Le Mexique dans un miroir : les ex-voto de San Juan de los Lagos (1870 - 1945)


Symbolique et codes au sein de l’ex-voto

"La pintura moderna conserva su tradición en los cuadros de iglesia; San Juan va vestido de verde, así como Cristo y la Virgen de rojo y azul, y Dios de blanco. El simbolismo, esa antigua ciencia, se convierte en arte y ya no es en nuestros días [1839] más que cuestión de oficio"


                                                Federico de Portal



Culture populaire ou culture savante, peu importe. Les milagreros et leurs fidèles sont les dépositaires d’une culture multiséculaire; qui plus est, ils restent dans un univers où l’écrit est souvent malhabile, voire défaillant, l’image dominante. Aussi ne faut-il pas s’étonner de les voir manier tout un système de codifications, dont la richesse peut nous surprendre. Paradoxalement, nous vivons environnés d’images, mais celles-ci sont anarchiques et destructurées, lisibles au premier degré seulement.

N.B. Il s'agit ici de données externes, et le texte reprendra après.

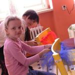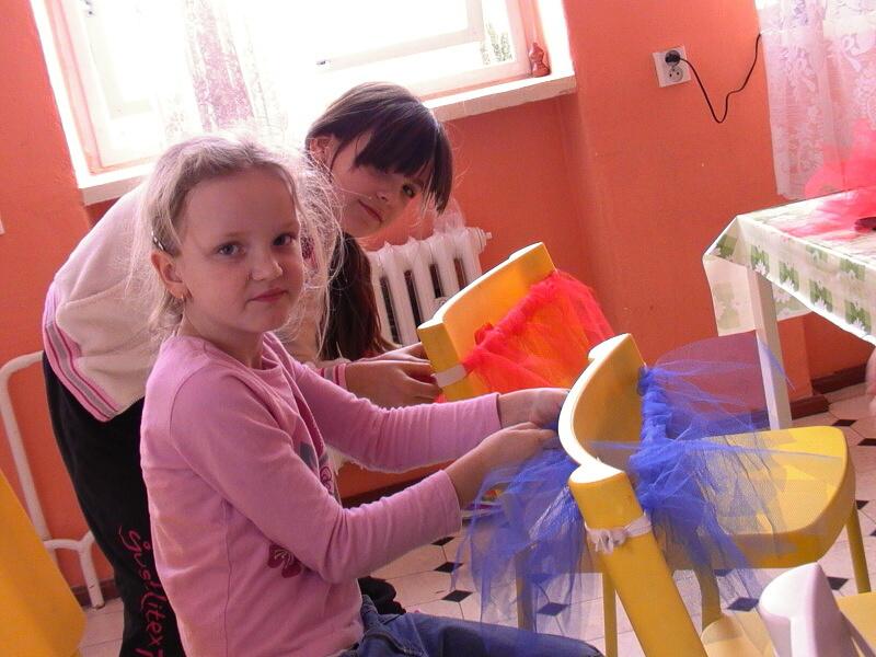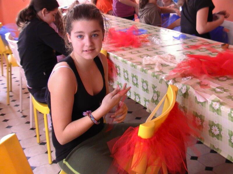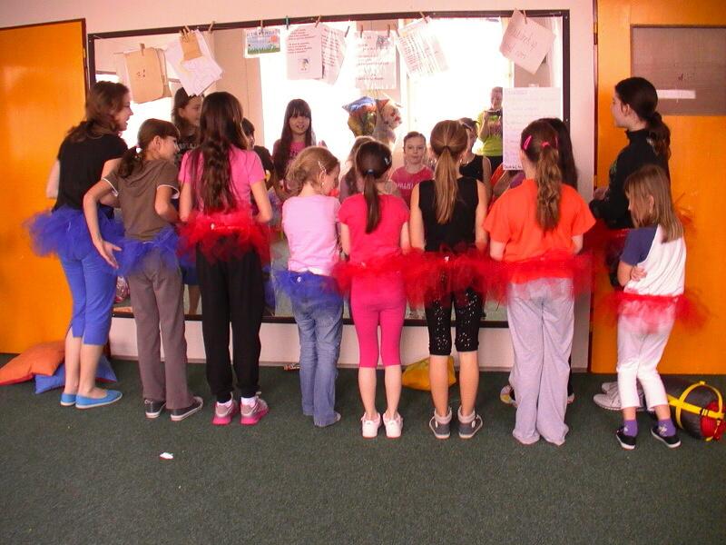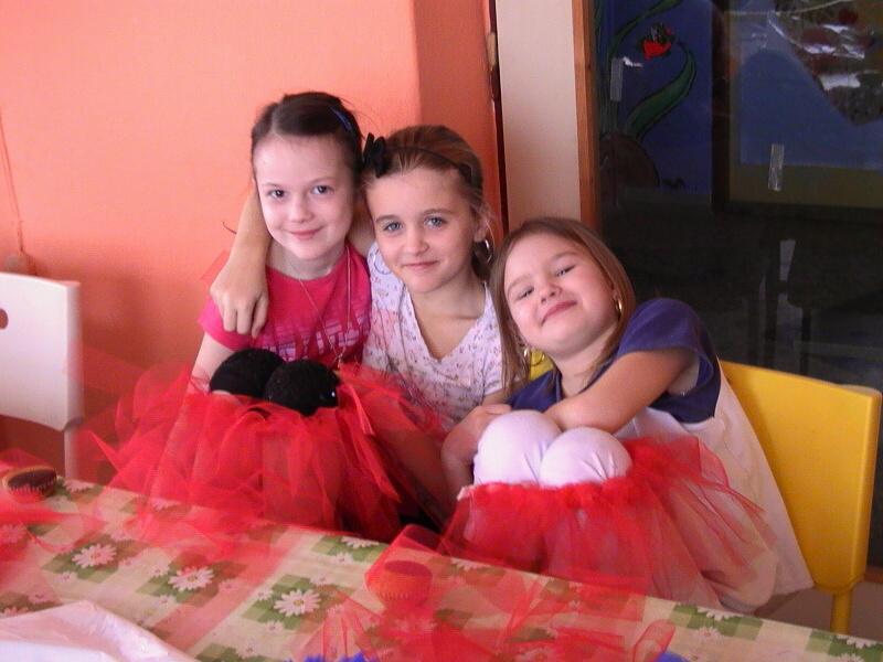 Celé dopoledne bylo zasvěcené výrobě tanečního kostýmu, konkrétně, výrobě tylové sukýnky. Zprvu se to zdálo jako nemožný úkol, aby byly všechny sukýnky hotové vůbec do nejbližšího vystoupení a ne za pár hodin, ale jakmile se do toho všichni dostali, tak to šlo samo a i nejmladší účastnice všechno hravě zvládly.
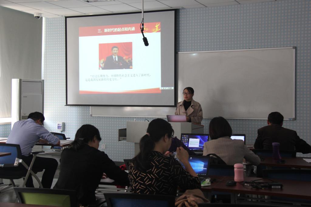 陶春丽副教授利用现代信息技术工具雨课堂,精彩讲授“新时代的起点和内涵”,陶老师将问题导入法、哲学原理迁移法、案例教学法贯穿于整个教学过程中,以献礼新中国成立70周年电影《我和我的祖国》的七个单元故事发生的时间问题导入新课。在整个教学过程中,坚持学生为主体,旨在让学生在合作学习、探究学习和创新学习中感受到学习的快乐,学会用"新时代的起点和内涵”的知识点分析评价社会热点,增强四个自信,自觉将青春梦融入中华民族伟大复兴梦。
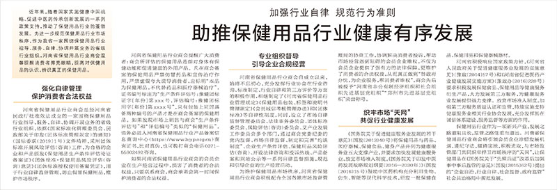 河南省保健用品行业商会自成立以来,始终不忘初心,充分发挥行业协会在行业咨询、标准制定、行业自律和第三方评价等方面的积极作用,相继制定了《河南省保健用品行业管理规定》《保健用品包装、标签和说明书管理规定》《会员诚信考核管理办法》和《团体标准》等自律性制度,同时设立了市场自律监督管理委员会、法律事务委员会、团体标准委员会、风险评估(咨询)委员会、艾产业发展工作委员会多个部门,通过商会党委纪委的党内监督、市场自律监督、制定和完善“约谈制度”、企业生产条件评估、保健用品风险评估(咨询)、开设法律咨询和投诉热线、产品备案和网站公示等一系列自律监督措施,规范和引导企业的生产经营活动。
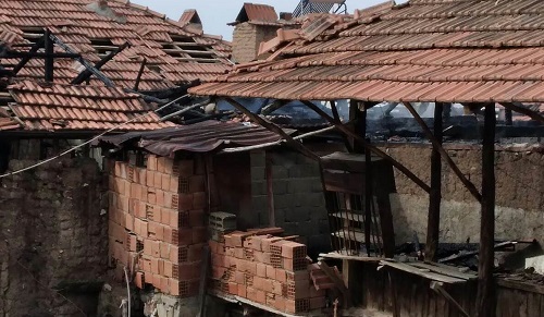 Evlerin bitişik olması nedeniyle sıkıntılı dakikalar yaşanırken yanan ev kullanılamaz hale gelirken bir evde de hasar meydana geldi.
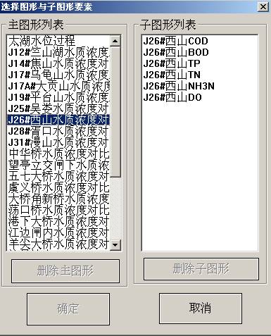 数据项列表——当前选择的子图形中包含的要素,即具体的水文图表。它可以是某一站点的水文过程,也可以是某条河段的水面线。
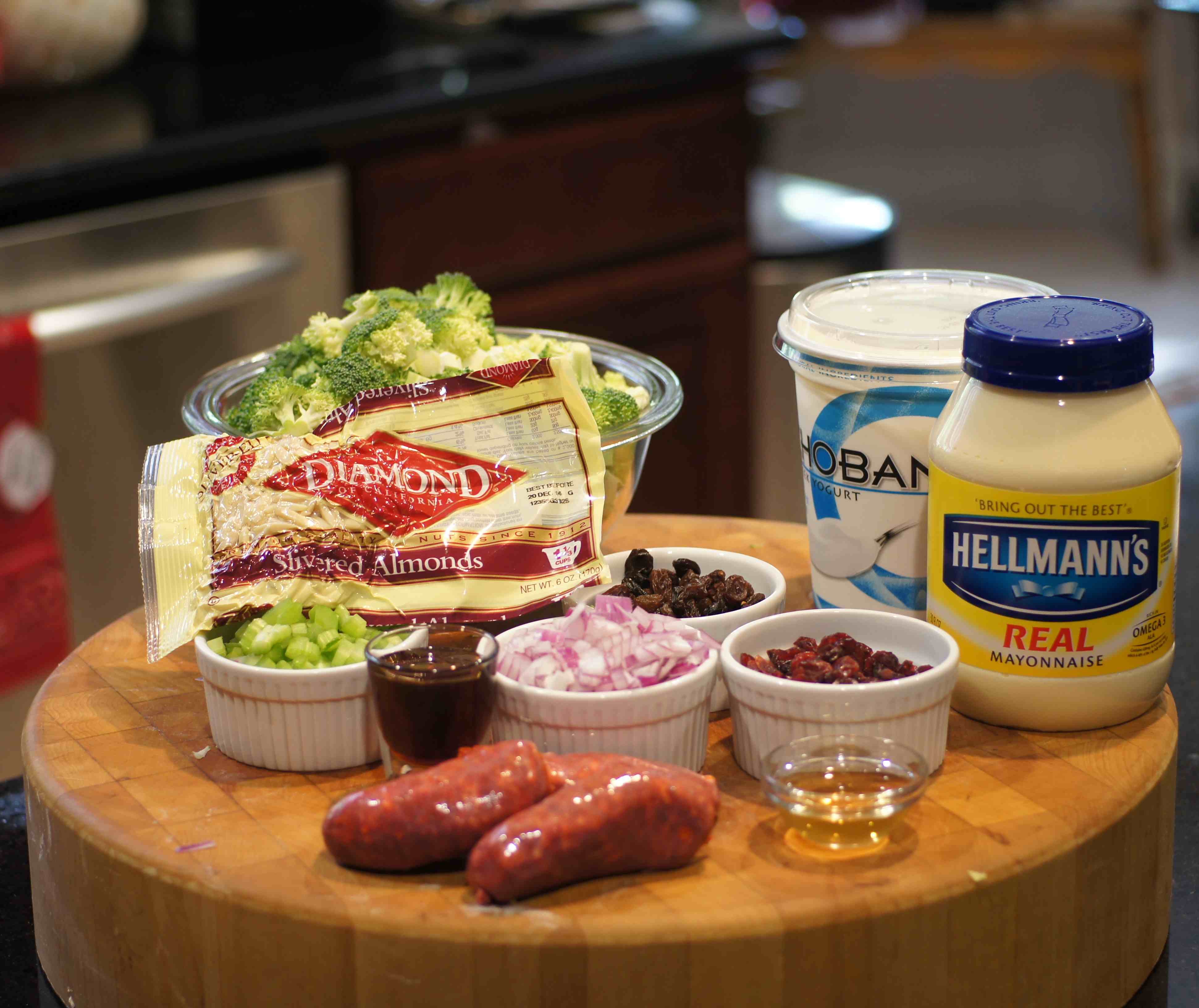 Now, broccoli salad isn’t something new or unique. In fact, if you go to Google and type in “Broccoli Salad” you will get 902,000 hits. There are broccoli salads with vinaigrettes; broccoli salads with sour cream dressings; broccoli salads with mayonnaise based dressings. Some people blanch the broccoli; whereas, others do not. The differences go on and on. Like other foods, it’s really quite intriguing seeing the different permutations on broccoli salad. Our version of broccoli salad has its own twists. It’s a mayonnaise and yogurt based dressing with dried cherries, chorizo and almonds. It’s loaded with flavor, slightly sweet yet savory and crunchy from the florets and toasted almonds. When I told Baby Lady I was using chorizo in the salad she thought I lost my mind. Very politely she didn’t say anything believing she truly would not like it but not wanting to offend me she would eat it anyway. Boy was she surprised at the wonderful flavors imparted into the salad from the chorizo. This is a wonderful salad you owe it to yourself to make. Ask the Baby Lady and she’ll tell you the same. 😉 Here is what we did.
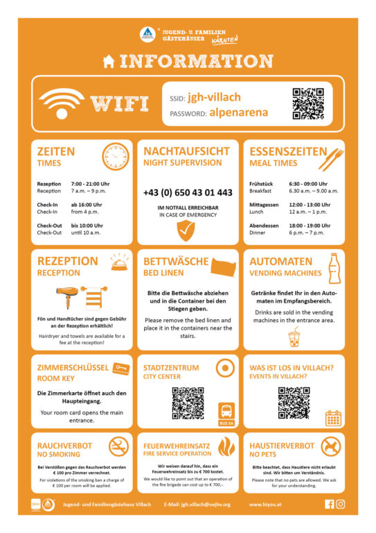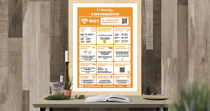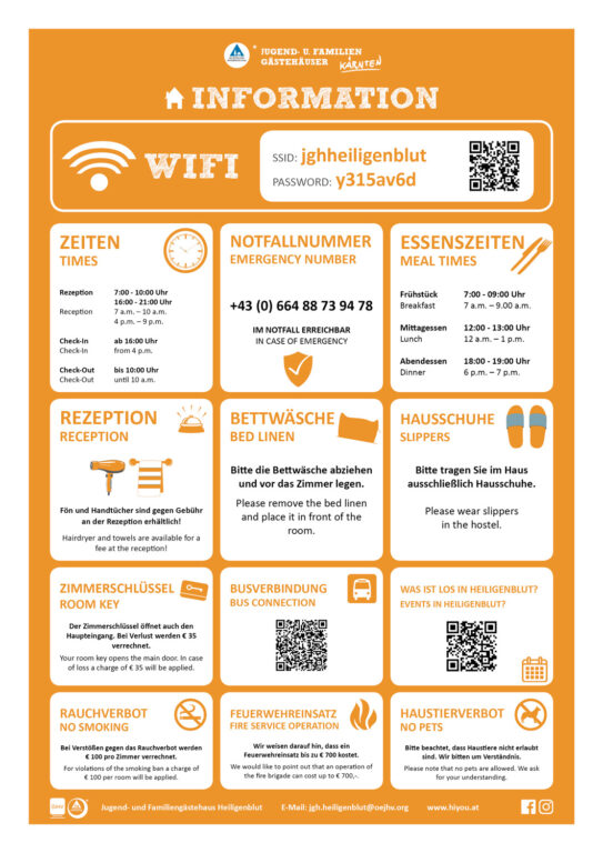 Diese enthalten kompakt und übersichtlich alle wichtigen Infos für Ihren Aufenthalt – von Check-In-Zeiten über WLAN-Daten bis hin zu Notfallnummern. Die Plakate sind an zentralen Stellen im Haus gut sichtbar angebracht und erleichtern Gästen wie Gruppenleiter:innen die Orientierung.
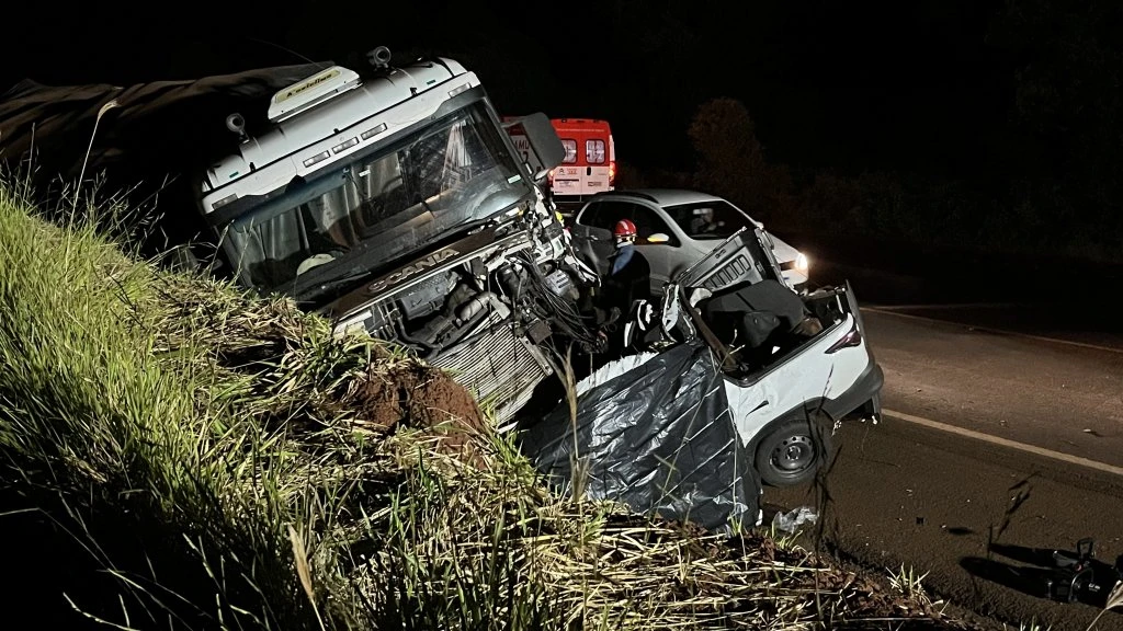 Uma colisão frontal envolvendo três veículos foi registrada na noite desta segunda-feira no KM506 da BR369 nas proximidades do Bosque São Cristóvão em Corbélia envolvendo uma carreta, uma Fiorino e uma Strada.
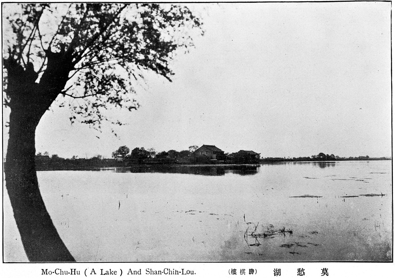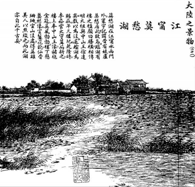 上图为日报“大陆之景物”栏目所刊的《江宁莫愁湖》,仔细辨认所绘景象,应是从莫愁湖东北方向朝西南眺望:湖畔曾经圮废的胜棋楼为乾隆年间江宁太守李崧云重修。
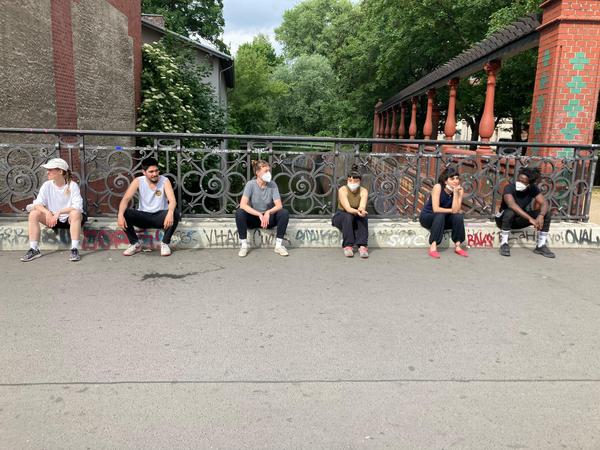 Vor diesem dynamischen gemeinsamen Site-Specific Parcours von der Badbrücke bis zum Vorplatz der Bibliothek haben sich Nuria Carrillo Erra, Hana Stojakovic, Sophia Obermeyer. Safete Muchave, Lucas Godoi Sene, Altınay Kapsız. Mahshad Rezai, Studierende im zweiten Semester des Bachelorstudiengangs „Tanz, Kontext, Choreografie“ am HZT Berlin in Videomeetings getroffen.

Il est un ex-voto, qu’on peut qualifier de silencieux : c’est un des plus mystérieux et déconcertants qui soit, d’abord par le dialogue secret qui semble s’établir entre la donatrice et l’image, à la fois lointaine et présente: une longue diagonale traverse la peinture, unit les deux personnages. À sa façon, elle permet déjà une lecture. Mais le système de codification est encore plus profond, semble retenir les leçons d’Alciato, le grand maître de l’emblématique du XVIe siècle, dont notre milagrero n’a bien entendu aucune connaissance. L’eau, les montagnes lointaines et le ciel, dans des tons bleus, sont le domaine réservé de la Vierge. Quant à la colline surmontée d’un arbre (conifère?) elle reprend certains des attributs de la Vierge –plutôt de l’Immaculée, catégorie à laquelle appartient N.D. de San Juan.

Bien entendu une bonne partie de cette culture, d’origine cléricale, reprend l’iconographie traditionnelle (y compris les couleurs rouge et bleue) de l’image sainte. D’où tous les éléments symboliques qui la séparent de la contamination (nuages, piédestal, autel, camarin)…. D’où la protection symbolique qu’elle étend sur ses fidèles, par le biais de ses couleurs de prédilection: ce peut être une simple ceinture rouge, une couverture ou un sarape de même couleur. Le bleu peut jouer le même rôle. Sans oublier les combinaisons entre les deux coloris. Le rouge, sous forme de drapé (sur une table, dans un dais) accompagne la plupart des tableaux royaux: quoi d’étonnant de le voir aussi soutenir la majesté de la Reine des Cieux.

Mais cette culture –telle qu’elle s’exprime à travers les ex-voto- peut aussi construire, à partir de ses présupposés sociaux, ses codes originaux. Si l’on accepte que la ligne de séparation la plus forte est celle qui sépare les sexes, il faut s’attendre à un système de conventions qui enserre cette différence: c’est à la coiffure de remplir ce rôle. Tête nue pour l’homme, tête couverte pour la femme devant l’image, chapeau pour l’un, rebozo pour l’autre. Sur la plus grande partie de la période les deux signes sont là. Même lorsque l’homme est absent, son chapeau est là, pour rappel.

Où est la frontière entre code et stylisation? Elle est ténue, les bouteilles (de médicaments) qui accompagnent certains ex-voto dédiés à la maladie, les magueys et nopals qui donnent leur tonalité mexicaine aux paysages appartiennent à quel univers? Peu importe. Affiché sur les murs du sanctuaire, ce langage de signes conventionnel et perpétuellement rénové tout à la fois, «bricolé», est intelligible par tous. Pour cela nous ne partageons pas le pessimisme de l’aristocratique baron Portal: ces conventions –si on veut les appeler comme cela- sont des vecteurs de message, et de dialogue, ne constituent pas une langue morte.